To date, the Internal Revenue Service has relaxed enforcement of the individual mandate and did not require taxpayers to report whether they had health insurance coverage on their 2016 tax returns.

However, the IRS has not relaxed enforcement of the employer mandate. Although the IRS has acknowledged glitches in the ACA reporting system, the IRS has confirmed that an applicable large employer is still subject to an employer shared responsibility payment if it fails to offer coverage to 95% of its full-time employees or has a full-time employee who obtains coverage on the insurance marketplace and receives premium assistance or a tax credit, and the employer’s coverage is not affordable or did not provide minimum value.

Large employers should continue to offer minimum essential coverage to their full-time employees to avoid penalties and to track offers of coverage in order to comply with reporting requirements on IRS Forms 1094 and 1095.

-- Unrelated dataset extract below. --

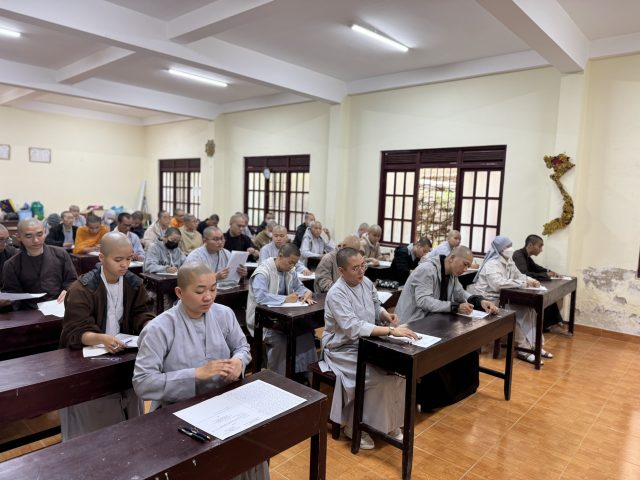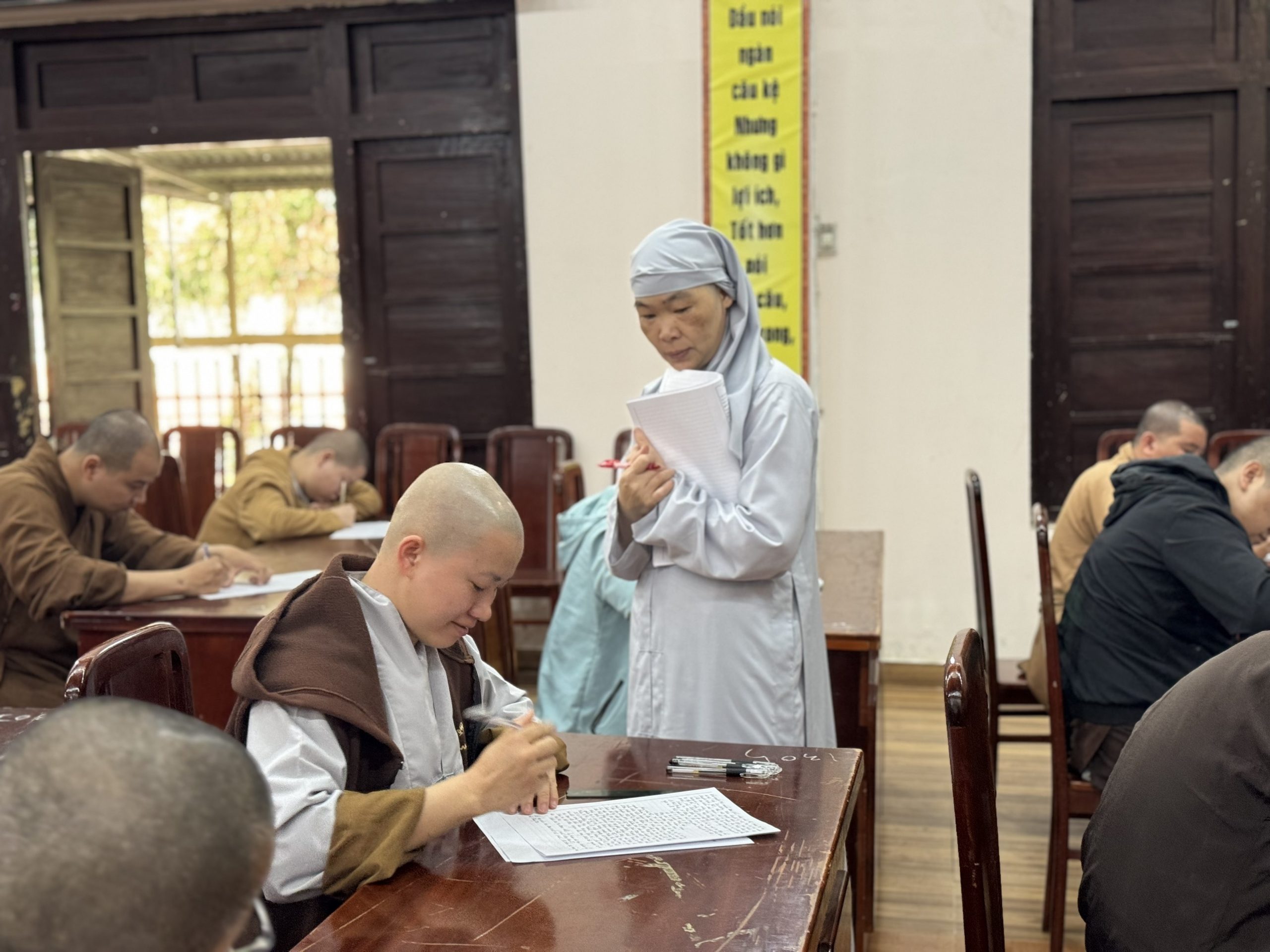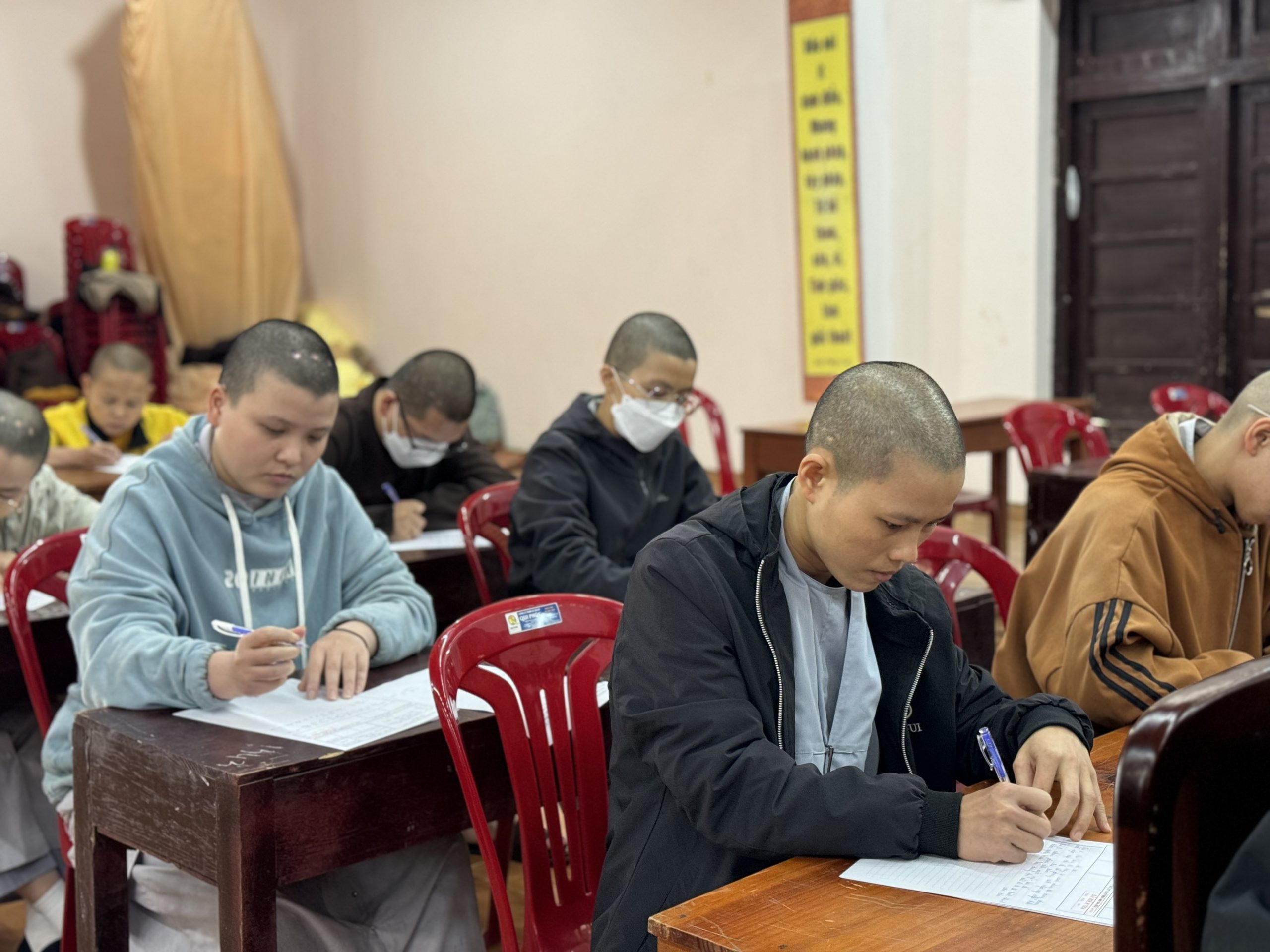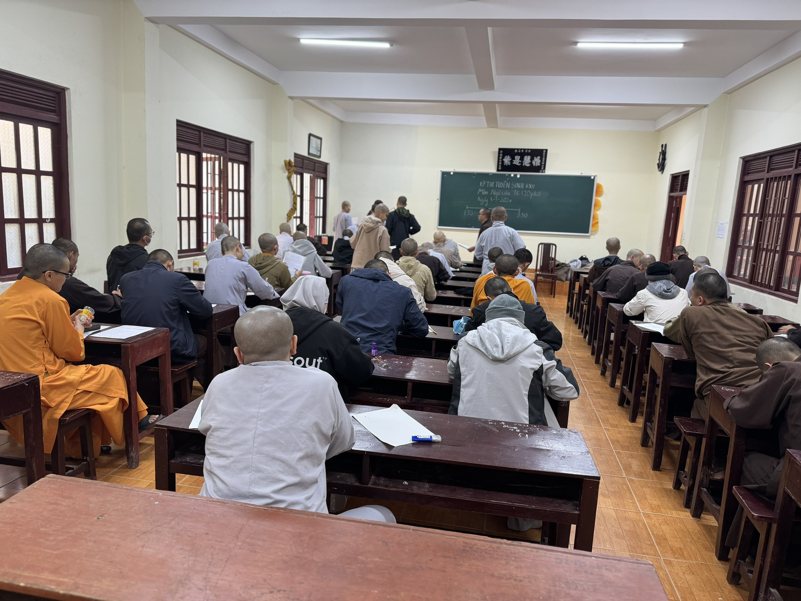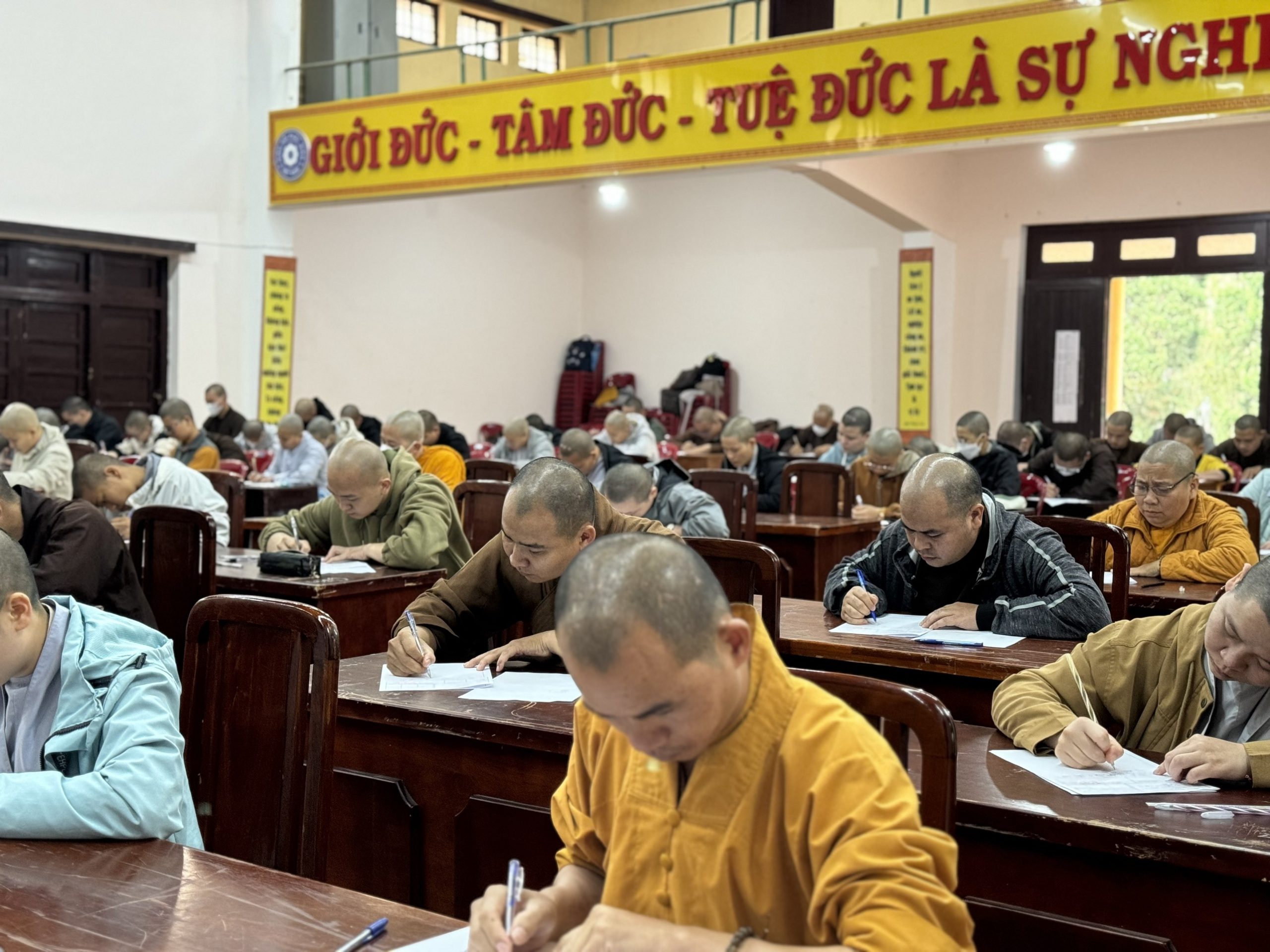 Hòa thượng Hiệu trưởng Thích Viên Thanh đã phát biểu chỉ đạo mọi công việc tổ chức thi diễn ra nghiêm túc và đúng với các quy định trong thi cử. Đây là một công việc thường xuyên được tổ chức sau mỗi học kì nhằm đánh giá và kiểm tra kiến thức, năng lực của Tăng ni sinh trong thời gian tham gia học tại trường. Các Tăng ni sinh phải hoàn thanh những kiến thức cơ bản của hệ trung cấp và cao đẳng do nhà trường giảng dạy.

The IRS has been sending rejection notices and inquiries to employers regarding 2015 and 2016 Form 1094 and 1095 filings with respect to incorrect taxpayer ID numbers, incorrect employer ID numbers, incorrect employee or dependent social security numbers, and failure to file.

The failure-to-file inquiry is usually triggered when a company is filing an IRS Form W-2 for an employee and is identified as a large employer, but has not filed Forms 1094 or 1095 with respect to such employee.

The ACA requires each member of an aggregated applicable large employer group to report on Forms 1094 and 1095, even if it has fewer than 50 employees. In addition, with respect to ACA reporting, the IRS does not permit an employer to disregard controlled group members and report on a consolidated corporate return.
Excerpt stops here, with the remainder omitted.